* TASK BRIEF: Write out the lines below exactly, beginning at the one with "Bright aqua flower" and stopping after the one with "Dieses weiße Mandala"; the pictures are not copied.

* THE DATA:
================================

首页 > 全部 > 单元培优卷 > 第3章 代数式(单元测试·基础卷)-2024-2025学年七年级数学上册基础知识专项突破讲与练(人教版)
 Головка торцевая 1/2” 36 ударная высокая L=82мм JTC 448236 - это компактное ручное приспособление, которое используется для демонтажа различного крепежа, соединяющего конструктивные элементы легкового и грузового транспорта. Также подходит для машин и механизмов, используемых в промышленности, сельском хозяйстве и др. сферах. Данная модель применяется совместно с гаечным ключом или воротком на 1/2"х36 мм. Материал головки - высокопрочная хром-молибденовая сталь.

================================

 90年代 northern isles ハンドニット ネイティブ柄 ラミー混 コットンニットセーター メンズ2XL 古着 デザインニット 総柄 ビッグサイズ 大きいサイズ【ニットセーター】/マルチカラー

================================

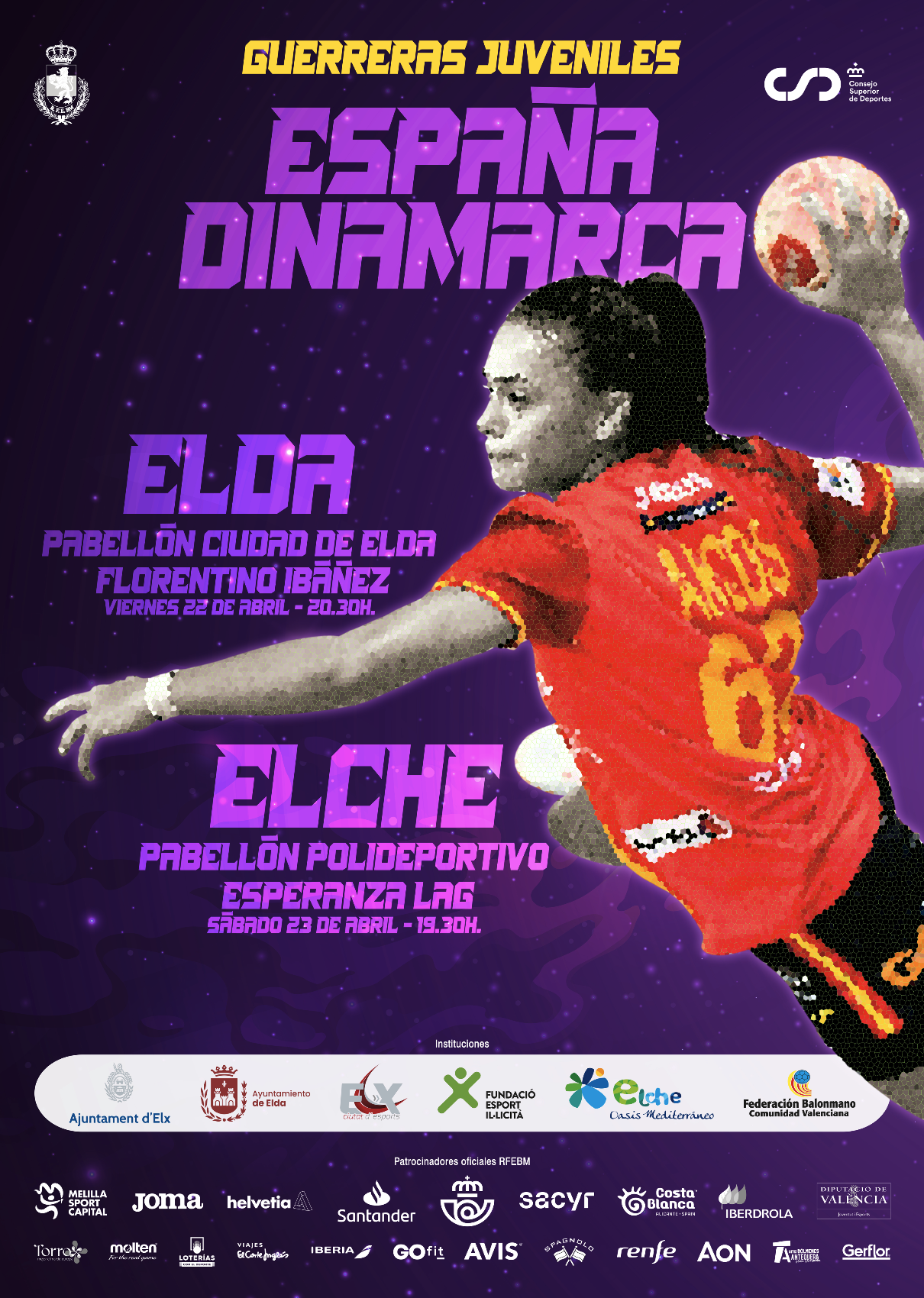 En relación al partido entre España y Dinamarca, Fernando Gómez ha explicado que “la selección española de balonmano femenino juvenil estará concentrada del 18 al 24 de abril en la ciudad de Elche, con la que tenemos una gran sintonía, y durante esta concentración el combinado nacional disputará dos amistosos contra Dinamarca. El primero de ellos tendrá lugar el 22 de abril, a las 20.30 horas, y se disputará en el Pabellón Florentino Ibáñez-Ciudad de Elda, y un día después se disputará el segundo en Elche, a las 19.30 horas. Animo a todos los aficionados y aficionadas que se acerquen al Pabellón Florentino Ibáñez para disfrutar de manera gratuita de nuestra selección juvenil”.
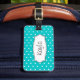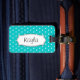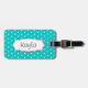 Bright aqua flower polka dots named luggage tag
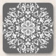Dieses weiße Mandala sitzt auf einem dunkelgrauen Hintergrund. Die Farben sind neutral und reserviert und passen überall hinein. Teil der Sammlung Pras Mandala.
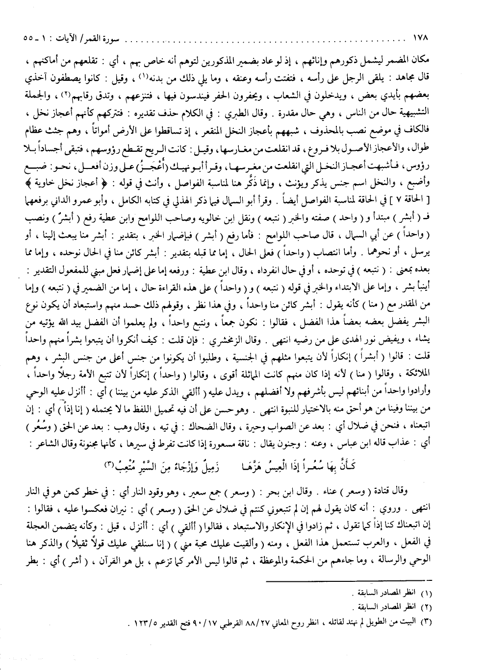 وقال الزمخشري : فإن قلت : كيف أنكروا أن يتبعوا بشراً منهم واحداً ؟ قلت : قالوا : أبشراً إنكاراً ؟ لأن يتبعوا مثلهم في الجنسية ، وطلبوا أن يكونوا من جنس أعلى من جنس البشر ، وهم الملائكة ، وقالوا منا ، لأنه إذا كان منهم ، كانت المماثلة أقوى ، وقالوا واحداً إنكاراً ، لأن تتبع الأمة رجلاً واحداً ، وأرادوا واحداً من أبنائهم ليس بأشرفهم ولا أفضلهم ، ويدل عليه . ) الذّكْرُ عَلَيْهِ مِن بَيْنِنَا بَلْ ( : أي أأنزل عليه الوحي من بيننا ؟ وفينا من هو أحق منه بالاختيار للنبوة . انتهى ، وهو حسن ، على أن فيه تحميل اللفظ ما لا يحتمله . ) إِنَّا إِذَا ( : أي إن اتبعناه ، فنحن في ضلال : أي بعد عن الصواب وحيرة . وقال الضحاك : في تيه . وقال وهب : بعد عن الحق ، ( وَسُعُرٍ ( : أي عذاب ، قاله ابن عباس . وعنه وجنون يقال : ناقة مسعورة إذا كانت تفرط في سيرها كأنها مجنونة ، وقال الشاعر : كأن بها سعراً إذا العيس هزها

================================

* RESPONSE TO THE EXERCISE:
 Bright aqua flower polka dots named luggage tag
Dieses weiße Mandala sitzt auf einem dunkelgrauen Hintergrund. Die Farben sind neutral und reserviert und passen überall hinein. Teil der Sammlung Pras Mandala.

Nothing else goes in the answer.